Если я себя раньше бранил при прижигании папиросками, мне кажется, меня просто даже тошнило от невероятного папиросного дыма, и мне захотелось подвигаться поближе, и мне казалось, что пепел они ссыпают рядом со мной; меня удивляло одно: во-первых, бестрепетное лицо доктора, а во-вторых, то, что он не менял положения руки, а ведь если мне это положение руки казалось неподвижным и странным, я ближе знаю доктора, то каким же оно должно было казаться им. Две папироски они докурили почти вместе, я от волнения плохо слышал их голоса, но они закурили еще и одновременно протянули папироски — и потушили их о руку доктора. То есть они углубились в тело, а затем синеватый их дым прекратился, и папироски были оставлены на некоторое время, покачались, мне даже показалось, что пахнет жженым волосом, но это, конечно, только показалось. Я разозлился. Я просто не нашел ничего лучшего, — дядя Савелий попросил меня, боюсь, что они даже сами испугались, рука д-ра по-прежнему была неподвижна, и он говорил все то же, развивая мысли, нисколько не повысив голоса, — передать галстук д-ру. И я, вместо того, чтобы передать галстук, со сладострастием погрузил свою пылающую папироску в галстук. Запахло тряпкой. Вначале на это не обратили внимания, но дым распространялся, признаться сказать, впервые я испытывал такое удовольствие от огня. Я начал понимать людей, которые любят огонь.

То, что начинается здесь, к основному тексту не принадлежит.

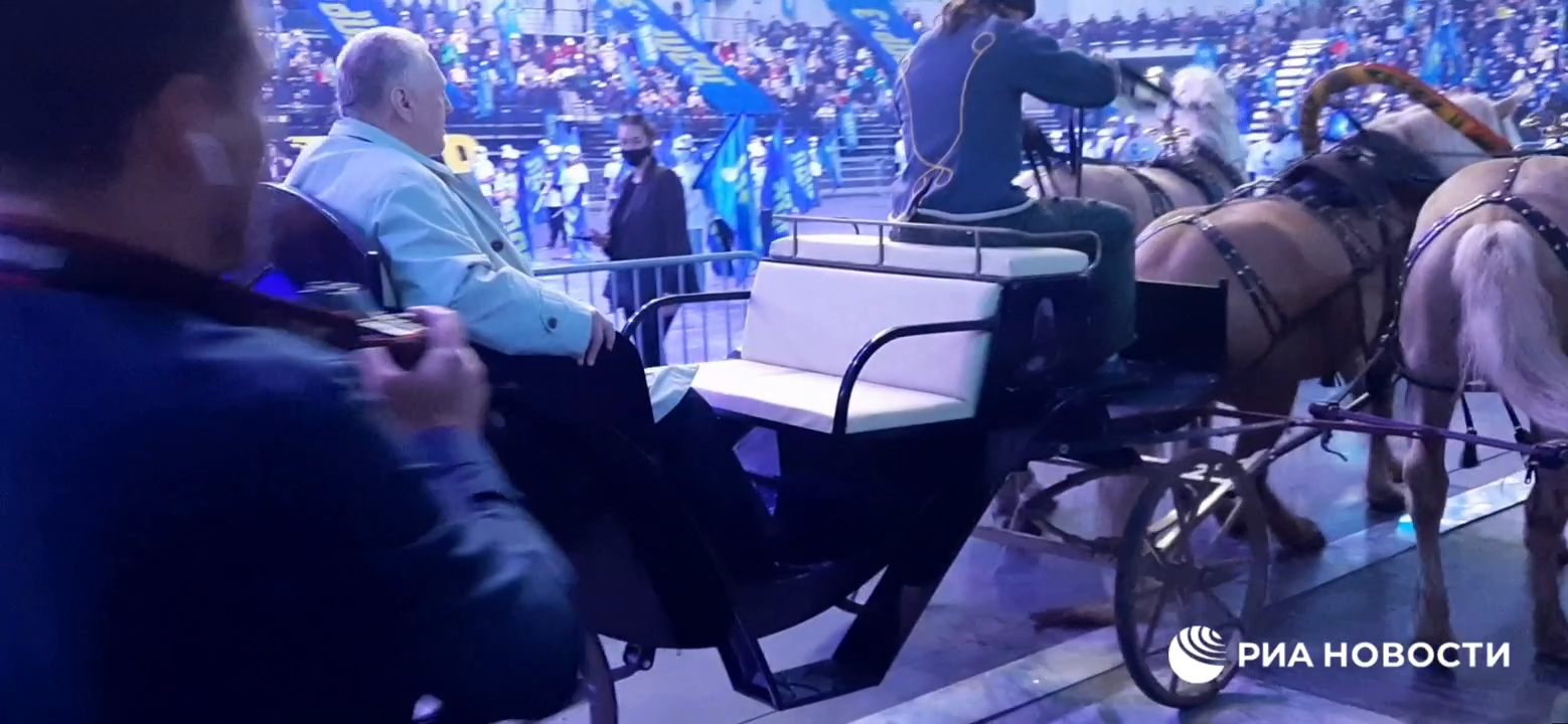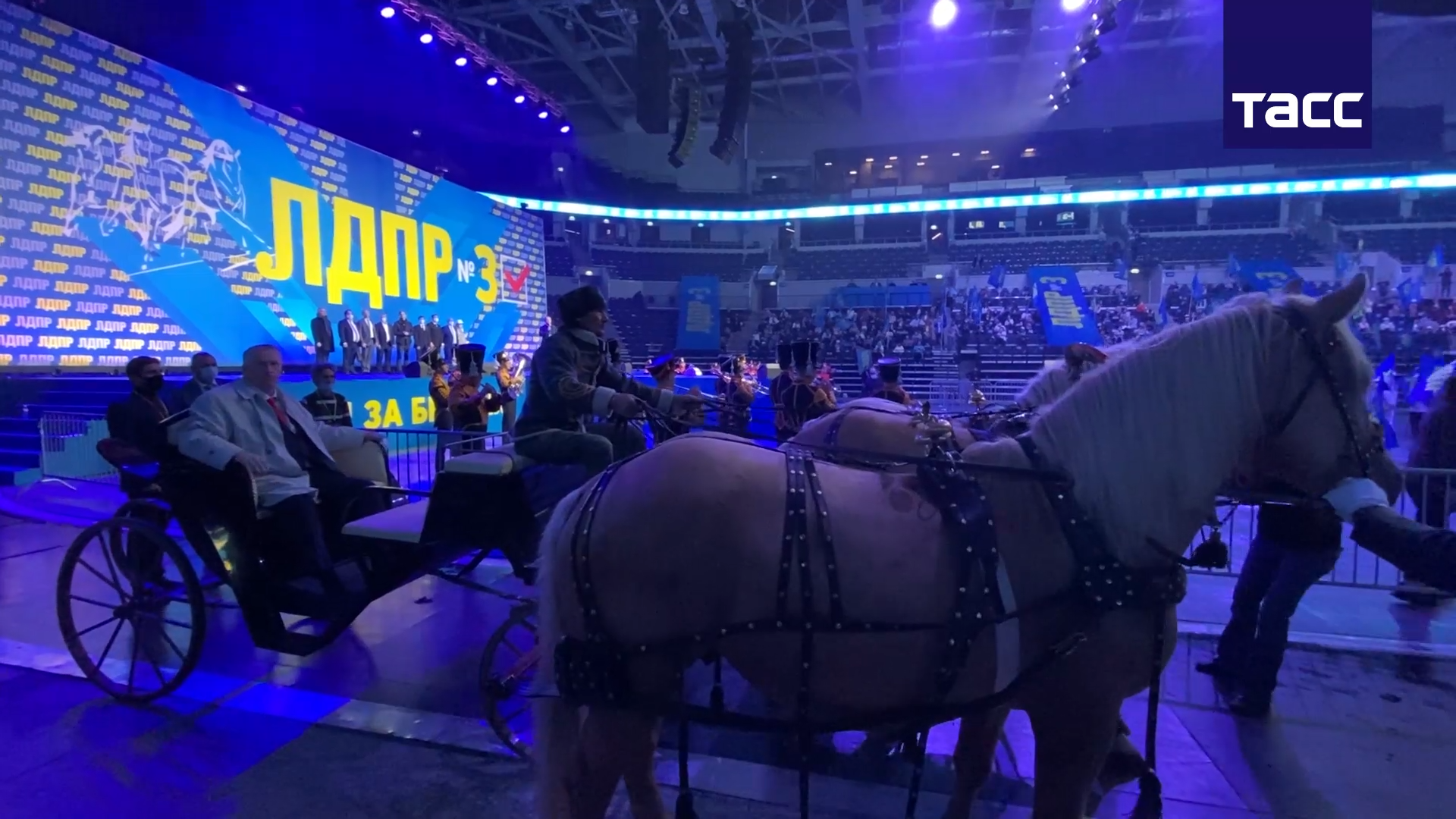 وصل رئيس الحزب الليبرالي في روسيا فلاديمير جيرونوفسكي على عربة تجرها ثلاثة من الخيول إلا أنها جفلت بسبب تلويح أعضاء الحزب بالأعلام.

Дядя Савелий, конечно, должен был опомниться первый, обеспокоиться. Я, так сказать, проверил воочию, так ли он любит одежду, и должен был сознаться, что он действительно любил, он перестал курить, заерзал, — я наблюдал с удовольствием, — приподнял ноздри, убрал ладони свои с животика и завертелся на стуле. Лев Львович продолжал курить, доктор сидел молча, с опущенными глазами, тогда дядя Савелий отнял папироску у брата и бросил ее на пол.
— Осмотрите себя, Лев Львович, не горите ли вы где.